▶ What is expected: Entries follow. Give back exactly the lines starting at the one containing "A man is sitting in a boat on beach" and ending at the one containing "Type: gearbox, automatic", and no other lines.

▶ Dataset extract:
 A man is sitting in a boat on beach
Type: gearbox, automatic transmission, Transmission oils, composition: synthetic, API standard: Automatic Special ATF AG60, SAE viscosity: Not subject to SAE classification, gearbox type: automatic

==

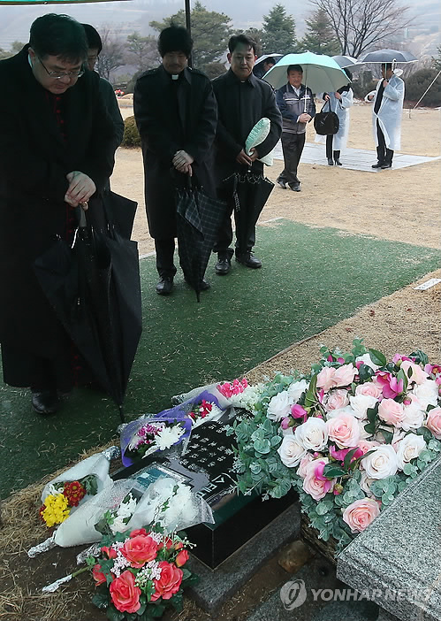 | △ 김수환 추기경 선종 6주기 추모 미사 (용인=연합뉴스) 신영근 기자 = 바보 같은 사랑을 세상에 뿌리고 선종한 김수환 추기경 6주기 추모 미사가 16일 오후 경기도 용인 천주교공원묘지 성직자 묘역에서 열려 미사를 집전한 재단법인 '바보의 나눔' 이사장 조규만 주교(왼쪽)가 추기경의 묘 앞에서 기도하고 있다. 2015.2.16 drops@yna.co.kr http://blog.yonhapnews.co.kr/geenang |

==

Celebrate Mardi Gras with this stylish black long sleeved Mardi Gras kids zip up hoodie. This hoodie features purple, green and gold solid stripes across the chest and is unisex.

▶ Final answer:
 A man is sitting in a boat on beach
Type: gearbox, automatic transmission, Transmission oils, composition: synthetic, API standard: Automatic Special ATF AG60, SAE viscosity: Not subject to SAE classification, gearbox type: automatic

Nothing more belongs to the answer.